For those schools who didn't deliver any new content during lockdown and only set revision for students, presumably a scheme of work re-jig will be necessary. And for those who are now having to teach in mixed attainment tutor groups due the the 'year group bubble' rules, check out Helen Hindle's website Mixed Attainment Maths for some guidance and example lessons.

We have a lot of preparation to do for next year and we know it will be a challenge. There's always something to keep us on our toes though, right? Whatever situation you're in, just remember: our students will catch up. We've got this. 


  1. I'd highly recommend www.transum.org

    It's free to use and comes with loads of self-marking activities.

    Here is a sample of what's available:


    A list for secondary/high school:

    Here's a typical self-marking exercise, for HCF and LCM:

    and here's some fun with factor trees:

    This website is an absolute treasure trove.
    Enjoy !

  2. "The latter group are likely to be the exact same students who choose to do the minimum possible during normal times too, so it's pretty much just been business as usual for them."
    Probably a bit harsh: there are students who would have done work in lessons in a structured environment but aren't yet mature enough to self-organise.
    But I agree with the overall sentiment of the post.

    1. The students I'm referring to are those who are choosing not to work (i.e. those who are able to work perfectly fine, but are deciding to play computer games all day instead.
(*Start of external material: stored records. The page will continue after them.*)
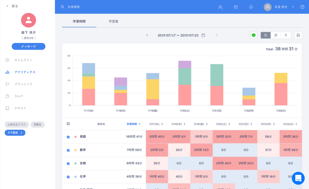 定期的な保護者面談では、Studyplusのデータなどをもとに学習量の推移をお見せする事もしています。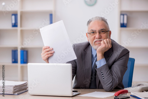 Old male employee working in the office
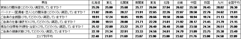エリア別で幸福度の男女差が大きかったのは近畿でした。男性23.62点、女性25.56点と1.94ポイントの差があり、女性が最も高いエリアも近畿でした。なお、男性が女性よりも幸福な地域のうち最も差が大きかったのは北陸で、男性23.80点、女性22.69点と1.11ポイントの差となりました。

We all know they exist!). In general, they are the same students who we have to hassle to do homework, hassle to work in class etc. Some teenagers are incredibly lazy, others work incredibly hard - making excuses for the lazy ones doesn't help anyone. Sure, there will be some students who for SEN or mental health reasons couldn't cope with the lack of structure, but that's clearly not who I'm referring to here. I'm talking about those who know they should be working and are perfectly capable of doing so (we should have high expectations of them) and choose not to bother.

    2. On reflection - apologies for coming across as hard in my post. Not my intention. Sorry.